Statistical analysis

The SPSS 16.0 software was used for all statistical analyses in this study. Two‐tailed Student's t test, chi‐square test, and log‐rank test were used to analyze the data. Data are presented as mean ± SD. Ps < 0.05 were considered to be statistically significant.

Results

MiR‐17‐5p was upregulated in NPC

The expression level of miR‐17‐5p was examined in 81 NPC samples and 20 no tumor nasopharyngeal epithelial tissues by qRT‐PCR. The test results showed that the expression of miR‐17‐5p was upregulated in NPC compared to normal controls (Fig. 1C). Furthermore, we analyzed the association between clinicopathological factors and miR‐17‐5p or p21 expression in 81 NPC patients. Although the results showed that a patient's gender, age, lymph node, and distant metastasis had no significant association with miR‐17‐5p and p21 expression levels, we observed that the elevated expression level of miR‐17‐5p or the downregulated expression level of p21 was significantly correlated with tumor size (T classification) and tumor stage in NPC patients (Table 1).

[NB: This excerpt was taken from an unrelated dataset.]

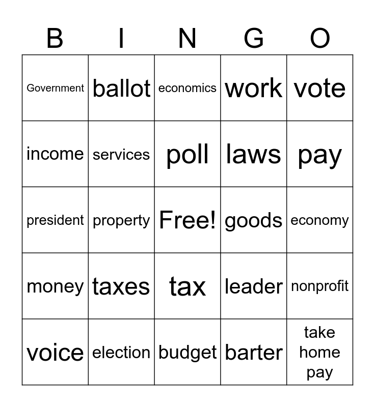 This bingo card has a free space and 24 words: taxes, election, poll, voice, vote, Government, income, ballot, goods, tax, laws, president, leader, nonprofit, services, barter, economy, economics, pay, property, take home pay, money, work and budget.

Upregulation of miR‐17‐5p and downregulation of p21 mRNA expression in NPC cell lines and tissues. (A) miR‐17‐5p was overexpressed in seven NPC cell lines in comparison with that of NP69. Values represent mean ± SD, *P < 0.05. (B) p21 mRNA expression was detected by qRT‐PCR in seven NPC cell lines. Values represent mean ± SD, *P < 0.05. (C) The expression of miR‐17‐5p was detected in 81 NPC tissues and 20 nontumor tissues by qRT‐PCR. miR‐17‐5p expression was upregulated in NPC tissues. (D) The expression of p21 was analyzed in 81 NPC tissues and 20 nontumor tissues by qRT‐PCR. (E) Correlation analysis between p21 and miR‐17‐5p in 81 clinical tissue samples. (F, G) Kaplan–Meier survival analysis of overall survival duration in 81 patients according to miR‐17‐5p and p21 gene expression levels. Statistical analysis was conducted using a log‐rank test (P < 0.05). NPC, nasopharyngeal carcinoma; mRNA, microRNAs.

Table 1.

Associations between the clinicopathologic factors and miR‐17‐5p and p21 expression in 81 nasopharyngeal carcinoma patients. (P<0.05, the differences were statistically significant)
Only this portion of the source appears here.